High Profile Girls Call ServiCe Hyderabad 0000000000 Tanisha Best High Class ...
 
CiscoIconsLibrary cours de réseau VLAN.ppt
CiscoIconsLibrary cours de réseau VLAN.pptCiscoIconsLibrary cours de réseau VLAN.ppt
CiscoIconsLibrary cours de réseau VLAN.ppt
 
Use Cases & Benefits of RPA in Manufacturing in 2024.pptx
Use Cases & Benefits of RPA in Manufacturing in 2024.pptxUse Cases & Benefits of RPA in Manufacturing in 2024.pptx
Use Cases & Benefits of RPA in Manufacturing in 2024.pptx
 

"What does it really mean for your system to be available, or how to define what to measure", Daniil Mazepin

  • 2. Agenda 02 Who is Daniil? Why SLOs? Terminology What to measure?
  • 3. 03 Who is Daniil? Software Engineering Manager / Head of Engineering with over 13 years of experience at companies of varying sizes and stages of maturity, ranging from small start-ups to Facebook. Experience spans multiple domains including fintech, social media, e-commerce, and gambling, utilising both top-down and bottom-up approaches.
  • 4. Terminology Reliability 04 The system or service performs in the expected way, when it’s required to do so.
  • 5. Terminology Service Level Indicator (SLI) 05 A quantifiable measure of service reliability.
  • 6. Terminology Service Level Objective (SLO) 06 A reliability target for an SLI.
  • 7. Terminology Service Level Agreement (SLA) 07 A contract (usually legally binding) between providers and customers of what happens if an SLO is not met.
  • 8. Terminology Error Budget 08 An SLO implies an acceptable level of unreliability. 100 - SLO = Error Budget for the next X days
  • 9. Terminology SLO & Error Budget Windows 09 Fixed Rolling Calendars - per week, per month, per quarter etc. Works well for internal reporting purposes. Crucial for planning reliability work. More closely aligned with the user experience because users’ trust does not magically recover on the first day of each month.
  • 10. Terminology Burn Rates 10 The rate at which the allowed number of errors is consumed. Error Budget for the next X days Burn Rate < 1 Burn Rate > 1
  • 11. Why SLOs? But why would we invest in defining and measuring SLOs? 11 To address the tension between the pace of innovation and service reliability.
  • 12. What to measure? A service level indicator (SLI): A metric of a specific aspect of your service. Duration: The window where SLI is measured. This can be calendar-based or a rolling window. A target: The value (or range of values) that the SLI should meet in the given duration in a healthy service. Choose your SLO 12
  • 13. What to measure? The metric directly relates to user happiness. The metric deterioration correlates with outages. The metric provides a good signal-to- noise ratio. The metric scales monotonically and linearly with customer happiness. Characteristics of a good metric 13
  • 14. What to measure? Request-driven services 14 Availability: The fraction of valid requests served successfully. Latency: The fraction of valid requests served faster than a threshold. Quality (*): The fraction of valid requests served without of degradation of service.

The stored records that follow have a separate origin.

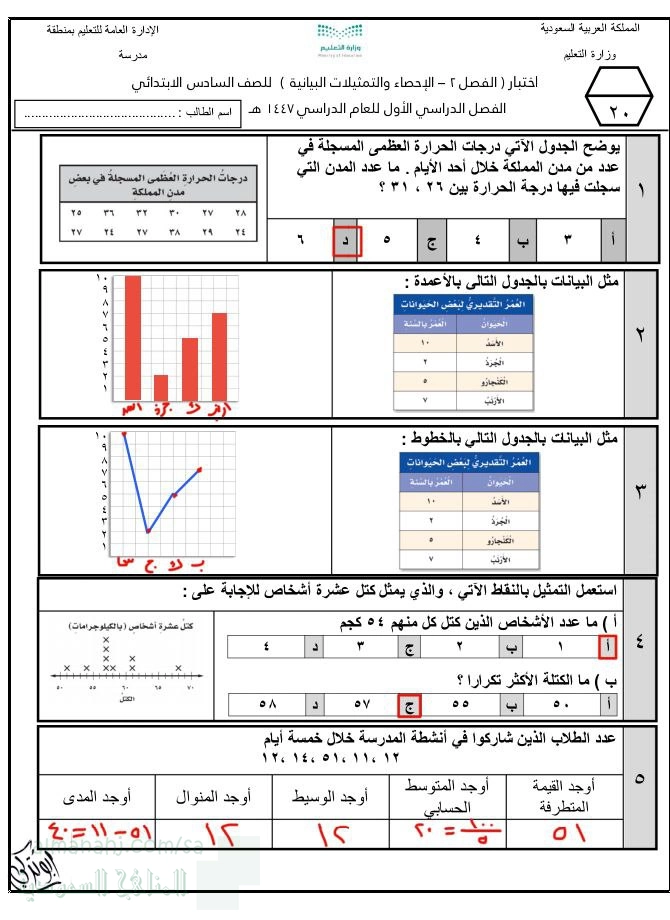 معلومات الملف: نموذج الإجابة على اختبار الفصل الثاني من مقرر رياضيات الفصل الأول 1447ه‍ الإحصاء والتمثيلات البيانية الذي قدمناه في ملفنا السابق والذي يتضمن الدروس التالية: التهيية خطة حل المسألة إنشاء جدول التمثيل بالأعمدة و الخطوط التمثيل بالنقاط، المتوسط الحسابي الوسيط و المنوال و المدى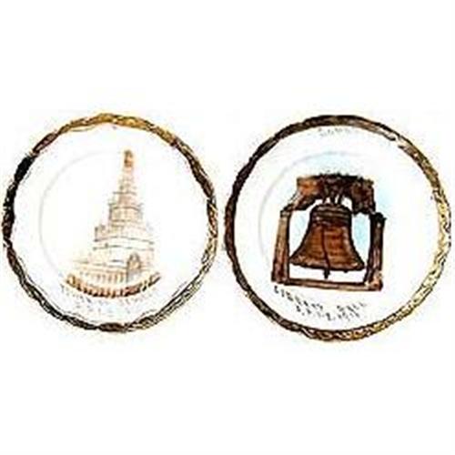 P.P.I.E. SOUVENIR PLATES - Pair -- 1915, 6¼? diameter, hand painted, Tower of Jewels & Liberty Bell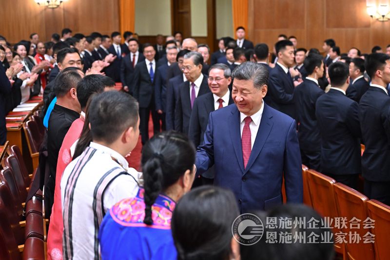 人民大会堂万人大礼堂华灯璀璨、气氛喜庆。19时55分,在欢快的乐曲声中,习近平等领导同志步入大礼堂,同少数民族代表、老同志代表亲切握手,全场响起热烈的掌声。

  • 15. What to measure? Availability?.. 15 Uptime?.. Availability still answers whether the system is up, but in more precise way, then measuring the time since the system was last down. Today services might be partially down, which is the factor which uptime doesn’t capture very well.

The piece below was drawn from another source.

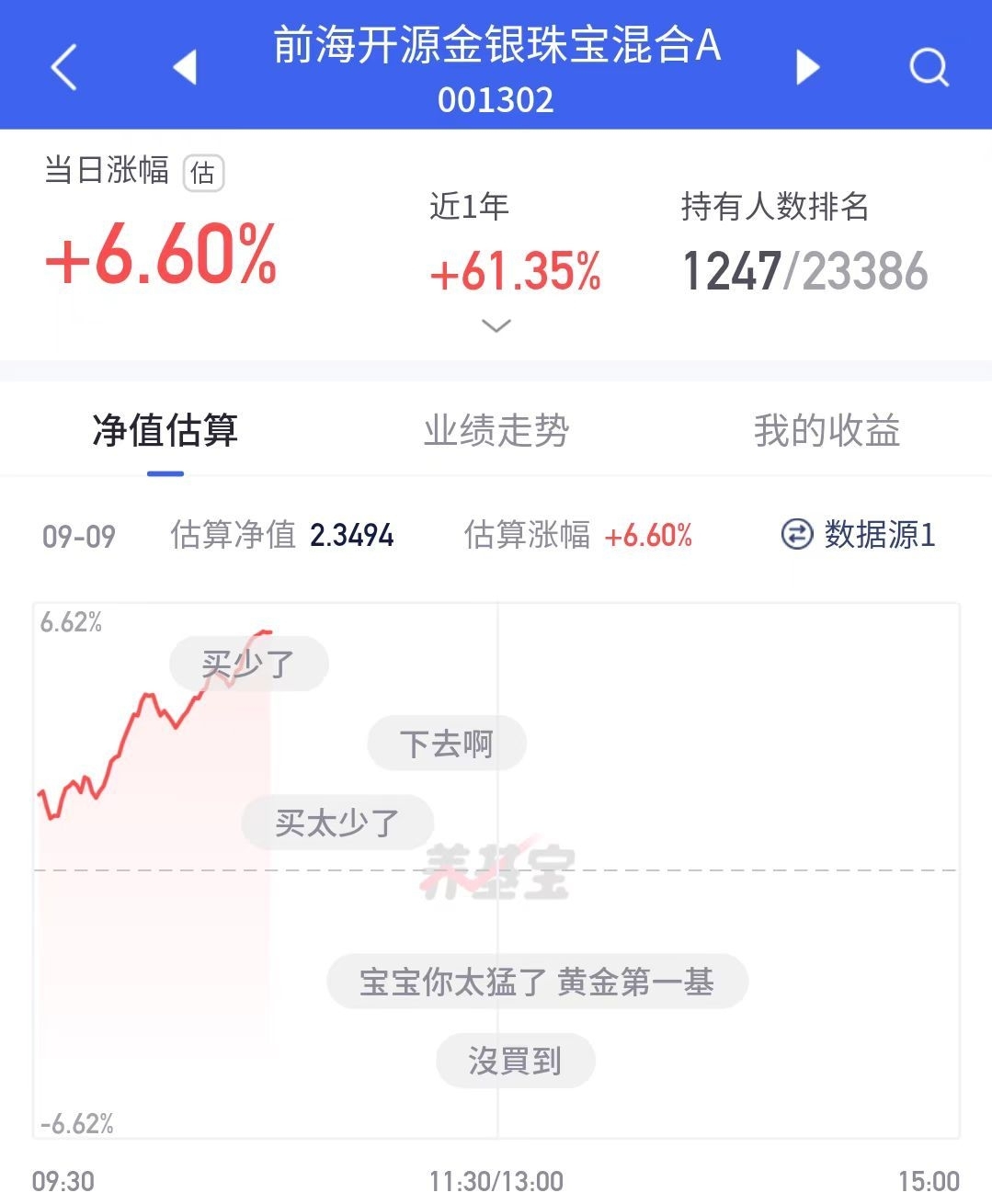 黄金股爆拉啊,涨到第一去了。终于等到你,还好我没放弃$前海开源金银珠宝混合C$

  • 16. What to measure? Data processing services 16 Coverage: The amount of data that has been processed, expressed as a fraction. For example, 95%. Correctness: The fraction of output data deemed to be correct. For example, 99.99%. Freshness: The freshness of the source data or aggregated output data, expressed as a fraction. Throughput: The fraction of time where data processing rate was faster than a threshold.

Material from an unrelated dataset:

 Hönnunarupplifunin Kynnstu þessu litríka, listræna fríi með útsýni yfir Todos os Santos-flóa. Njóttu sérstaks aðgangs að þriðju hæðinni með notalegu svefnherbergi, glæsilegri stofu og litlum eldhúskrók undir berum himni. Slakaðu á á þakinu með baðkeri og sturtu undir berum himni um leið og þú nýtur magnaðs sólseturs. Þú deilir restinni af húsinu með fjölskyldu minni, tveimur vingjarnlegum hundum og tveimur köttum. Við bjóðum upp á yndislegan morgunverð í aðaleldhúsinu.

  • 17. What to measure? How many 9s do we need? 17
  • 18. What to measure? Why not 100%? 18 “100% is the wrong reliability target for basically everything.” Ben Treynor Sloss, founder of SRE at Google
  • 19. What to measure? Iterate! 19 “Picking the wrong number is better than picking no number.” from SRE.Google
  • 20. What to measure? Iterate! x2 20 Align dependencies. Build complex SLOs where it makes sense.
  • 21. Thank you! 21 Do you have any questions?